One question then is whether the two observed phenotypes (ie, no oocyte production and unviable larval offspring) have independent physiological bases, or whether they proceed from a unique deficiency of aposymbiotic females. Our results support the second hypothesis for two main reasons. First, aposymbiotic females produce far fewer oocytes than symbiotic ones (in all cases <50%), suggesting that, in addition to producing unviable offspring, they suffer strong inhibition of oogenesis. Second, during the curing process, triply infected females oviposit in Drosophila larvae which have been feeding on antibiotics. Thus, the A. tabida eggs were immersed in host body fluids that contain antibiotics once they had been injected into the host. It is likely that Wolbachia are eliminated at a very early developmental stage. However, the early removal of Wolbachia does not disturb further development of larvae, since we always obtain adult wasps of both sexes that look normal in all respects except for oocyte production (Dedeine et al, 2001). Thus, the two phenotypes observed are probably resulting from the same failure of aposymbiotic females to transmit a factor to their oocytes that is necessary for differentiation and development. Differences among A. tabida lines could simply result from some dosage effect.
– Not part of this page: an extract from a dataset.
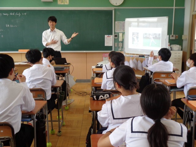 2章の活動は「My Hero」の紹介です。先生がお手本で自分自身の「My Hero」の紹介をしてくれました。みんな興味深く先生のお話を聞き、よく英語を聞き取れていました。その後、小学校での「My Hero」での活動を懐かしく復習しながら、2章の単元のめあてをみんなで確認しました。これからの学習に対して大いに意欲が高められた1時間でした。

One interesting result concerns the apparent relationship between the number of oocytes produced by infected females (their potential fecundity) and the number of oocytes produced by uninfected females (their degree of dependence on Wolbachia). Indeed, only females of the lines Saanich, Seattle and Leiden can produce some oocytes when uninfected. Unexpectedly, these lines also produce the fewest oocytes when infected. This suggests a genetic trade-off between the ability of females to produce some oocytes without Wolbachia, and their potential fecundity when infected, although additional quantitative genetic analyses are needed to better understand this relationship.
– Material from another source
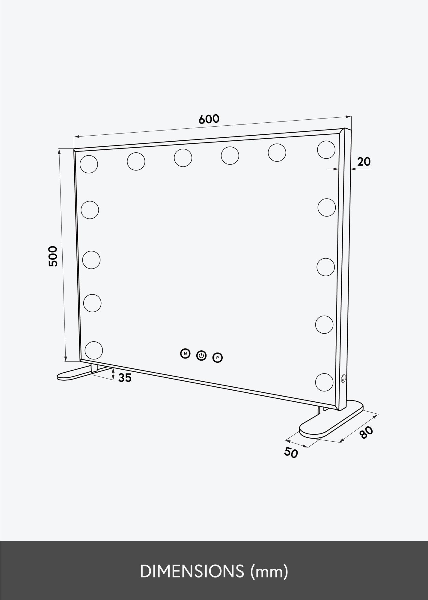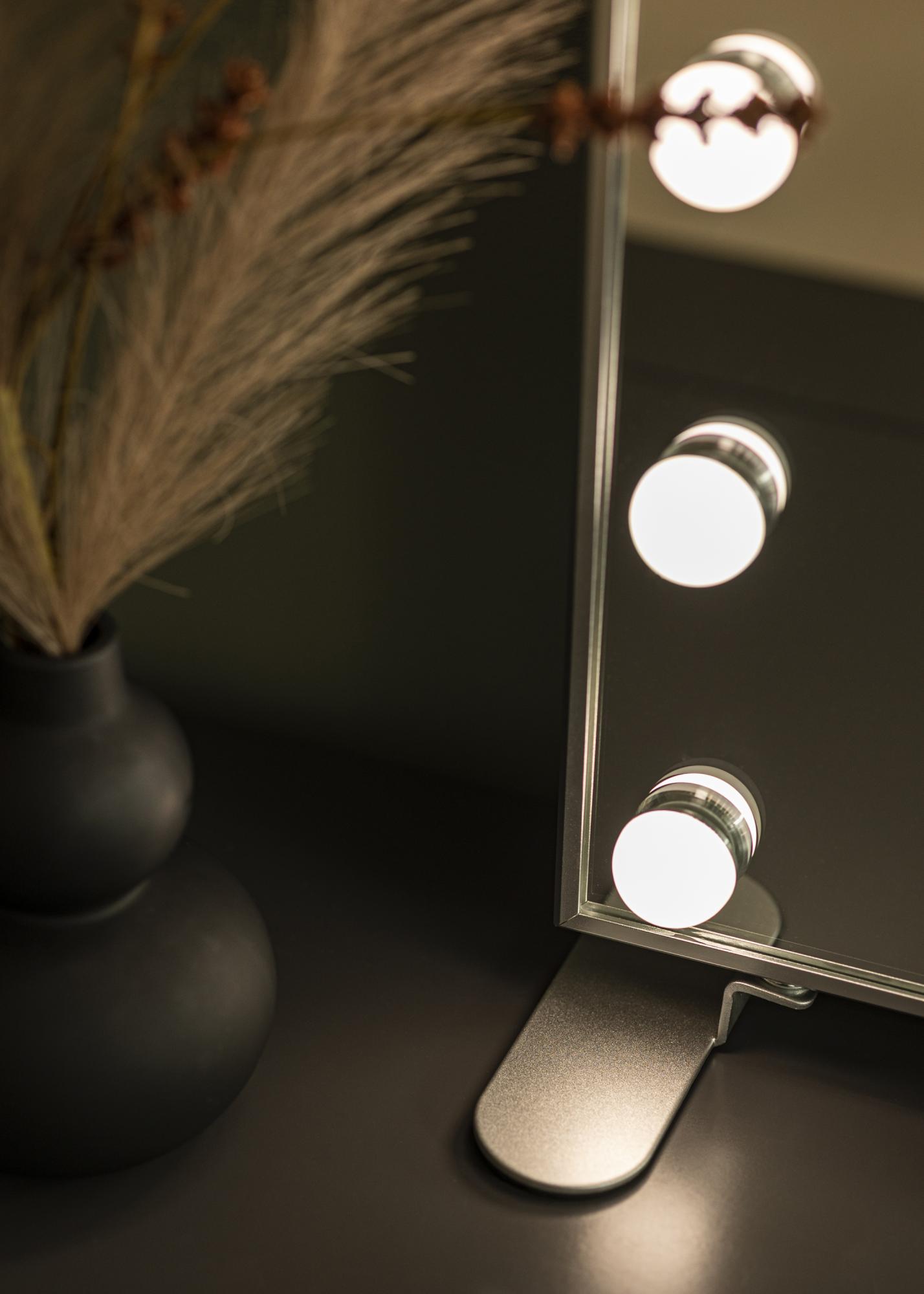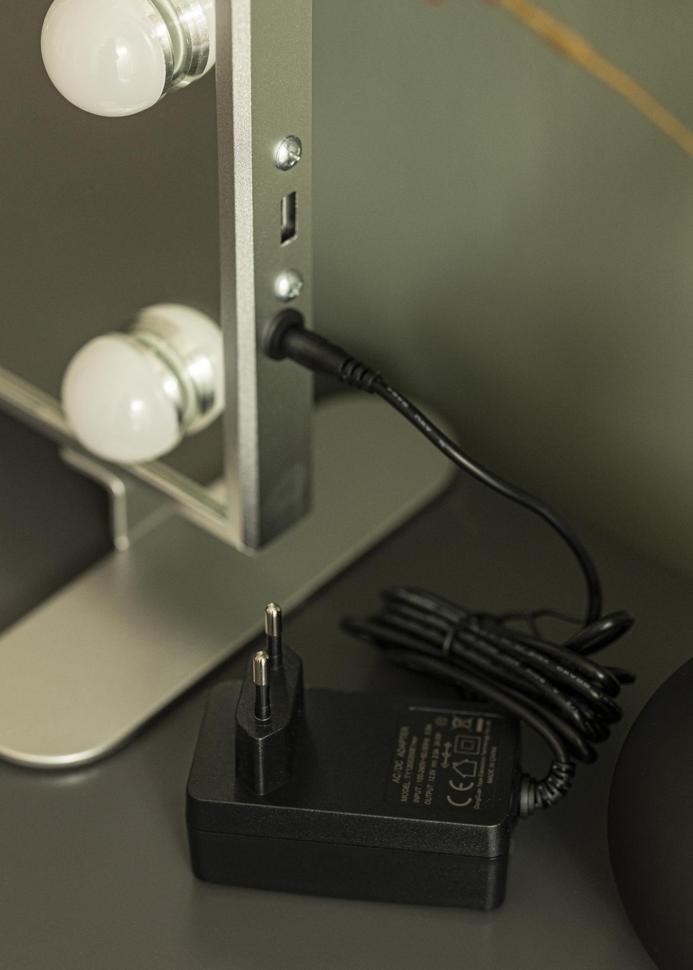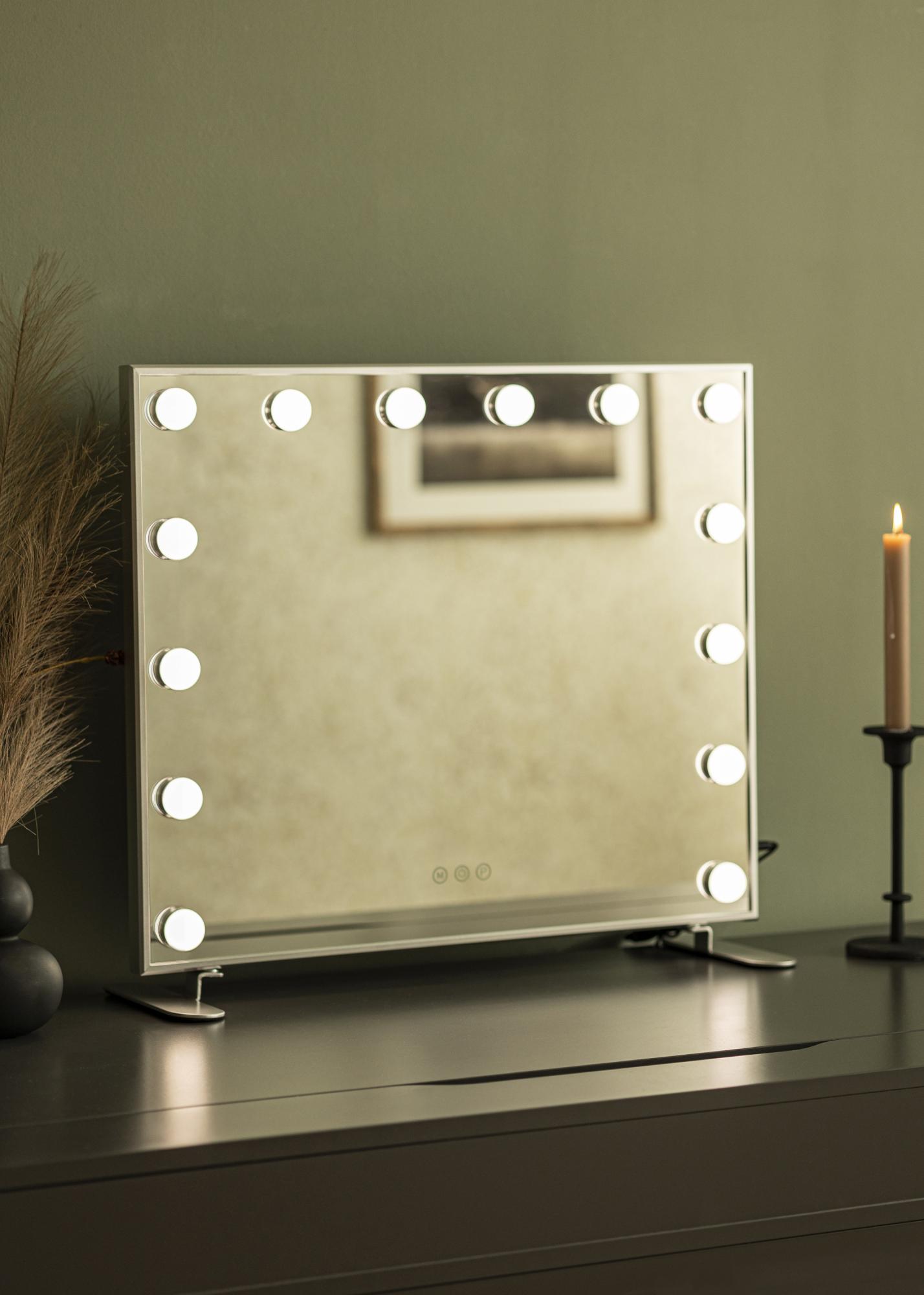 Detta är en stilsäker sminkspegel som kommer bli en fin inredningsdetalj i hemmets alla rum. Den tunna silverramen som omger den 60x50 cm stora spegelytan ger ett mycket stilrent uttryck samtidigt som de 14 rundade LED-lamporna placerade runt spegelns kanter ger en exklusiv känsla. På spegelns ena sida finns en USB-port som låter dig ladda dina smarta enheter via USB-anslutning.

Another question is to understand how variation can be maintained within A. tabida species. Two main hypotheses have been proposed to explain how A. tabida became dependent on wAtab3 (reviewed in Dedeine et al, 2004). The hypothesis of the Sterility of Aposymbiotic Daughters (SAD) phenotype suggests that wAtab3 specifically sterilizes daughters that did not inherit wAtab3 from their infected mothers. As for cytoplasmic incompatibility, SAD-inducing Wolbachia would produce two molecules: a toxin produced in mothers but specifically inhibiting oogenesis of daughters, and a toxin-specific antidote produced in infected daughters only. According to the SAD hypothesis, differences between A. tabida lines that either completely or partly depend on wAtab3 to produce oocytes may be due either to differences in the efficacy of the toxic molecule produced by Wolbachia or to some resistance that insects have evolved against it.

Another possible hypothesis is that the high prevalence of wAtab3 within A. tabida populations protects nuclear genes that control oogenesis from selection, and could have allowed deleterious genetic changes (mutations and/or fixation of new allelic forms) to accumulate. According to this hypothesis, differences between A. tabida lines may be due to qualitative or quantitative differences in the genetic modifications that have accumulated. Lines from Saanich, Seattle and Leiden may have accumulated less genetic modification, or with less deleterious consequences, than the other lines. This outcome could be explained if these populations are in an evolutionary transitory phase and currently evolving towards complete dependence, or if some local specific selective pressures have partly purged them from deleterious genetic changes, either directly through selection or indirectly through pleiotropic effects. It is possible that the variation reported in this study may serve to distinguish the two hypotheses in future investigations.

In conclusion, this study raises many new questions, especially regarding the genetic basis of the poor performance of aposymbiotic females, the pathway of bacterial restoration and the way wAtab3 Wolbachia acquired this capacity. For all these questions, the reported intraspecific variation in the degree to which A. tabida females are dependent on wAtab3 to produce their oocytes will certainly provide a useful foundation for future genetic investigations.